In lieu of the fact that the LHC is about to conduct its first round-the-ring test of the beams, I went to the CERN website to see if I could keep an eye on accelerator conditions in real time . On the front page of the site, I was pleased to see a link to a newly peer-reviewed and published article expanding on and extending the safety review of the LHC originally conducted in 2003. This paper, freely available to the public and detailing very specifically why the LHC is not a threat to this planet, can be downloaded from the publisher’s website .
The paper reviews the three “doomsday scenarios” offered up as reasons for stopping the LHC: mini black holes, vacuum bubbles, monopoles, and strangelets. I’ve offered some thoughts on the black holes issue in this blog, hearkening back to my grad school days . My friend and colleague Dan Hooper appeared on NPR’s “Science Friday” program recently to discuss the excitement behind the LHC, and to address this issue as well .
It boils down to a simple fact of nature. The cosmos is the greatest particle accelerator ever conceived. Setting aside the fact that at the beginning of our universe, it was in an incredible state of high energy and density, even today we find particles accelerated to unbelievable energy bombarding the earth. Cosmic rays, heavy particles accelerated by distant and still-unknown mechanisms which constantly strike the earth’s atmosphere, are the testing ground for these doomsday scenarios.
The LHC, as the paper notes, will collide either protons or heavy nuclei at a center-of-mass energy of 7 TeV per beam – this is 7 times higher than the energy of a single Fermilab Tevatron beam, to date the highest energy collider on earth. In order for a single cosmic ray event to mimic a single LHC collision, it must have an energy of 100,000 TeV. That’s because a cosmic ray is striking a molecule in our atmosphere that is, for all intents and purposes, at rest. To get the same punch, conservation of energy and momentum requires the energy of the cosmic ray to be substantially higher than a proton in the LHC beam, because the LHC beams are both moving at one another while the cosmic ray is moving toward a stationary molecule.
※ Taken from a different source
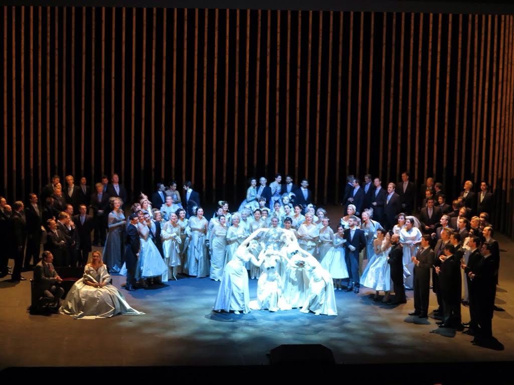 Второе действие происходит в зале, на первом плане которого размещается блок из трех театральных кресел, таких же, как в зрительном зале - собственно единственный интерьер Вартбурга. По краям, с самого потолка свешиваются массивные деревянные балки, которые при появлении гостей модифицируются таким образом, что сцена становится похожей на зрительный зал, и оркестр oкaзываeтся в центре между двумя одинаковыми по форме пространствами. Первая часть второго действия проходит в классическом варианте без использования хореографии. Затем приход гостей и хор "Freudig begrüßen..." сопровождается приемом slow motion, что на мой взгляд, являлется совершенно избыточным. В данной постановке "танцуют все": в балет вовлечены также хористы и все солисты. Проблема в том, что не все вокалисты рождены для балета, да и далеко не всегда балет уместен.

So, how often is the earth bombarded by a cosmic ray with at least 100,000 TeV of energy? Well, per second and per cm^2 on the earth, the cosmic ray rate at or above this energy is tiny – just 0.00000000000005 per second, per square centimeter. But, there are 3600 seconds per hour and 24 hours a day, 365 days a year, and the earth has existed for about 4.5 billion years. The earth has a surface area of about 5,000,000,000,000,000,000 cm^2. Given that, how many cosmic rays at or above this energy have struck the earth?
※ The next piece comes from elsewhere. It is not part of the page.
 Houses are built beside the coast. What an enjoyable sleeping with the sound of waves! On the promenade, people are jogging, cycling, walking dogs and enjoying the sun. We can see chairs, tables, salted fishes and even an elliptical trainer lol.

The answer is: a BIG number. In the course of earth’s history, across every square centimeter of its surface, the earth has experienced about 4 x 10^22 such collisions – that’s 4, with 22 zeros after it. And how many such collisions of a 7 TeV proton on another 7 TeV proton are expected over the life of the LHC?
If all goes according to plan, the answer is 10^17 – that’s 1, with 17 zeros after it. That’s also 400,000 times FEWER such collisions than have occurred from cosmic rays over the history of the earth.
If cosmic rays, the result of the cosmos’ own glorious accelerators, have not wiped out the earth (or any other body, such as a star) with mini-black holes or other strange phenomena, there is nothing special about the LHC that makes it more likely to do it. Moreover, the way I see it, this even implies that if cosmic rays DO make mini black holes, they indeed operate according to the laws of thermodynamics and rapidly evaporate.
I find this whole exercise fascinating. I hope that one day I can use this as an example in class of how to take some big numbers and draw some big conclusions about the fate of mankind.
Anyway, that said, I quipped at lunch the other day: is it more glorious to go out with a BANG, as the earth is annihilated by black holes, or to go out with a whimper, as we slowly roast our own species in a noxious bath of our own greenhouse effluence?
Well . . . this IS the way the world ends.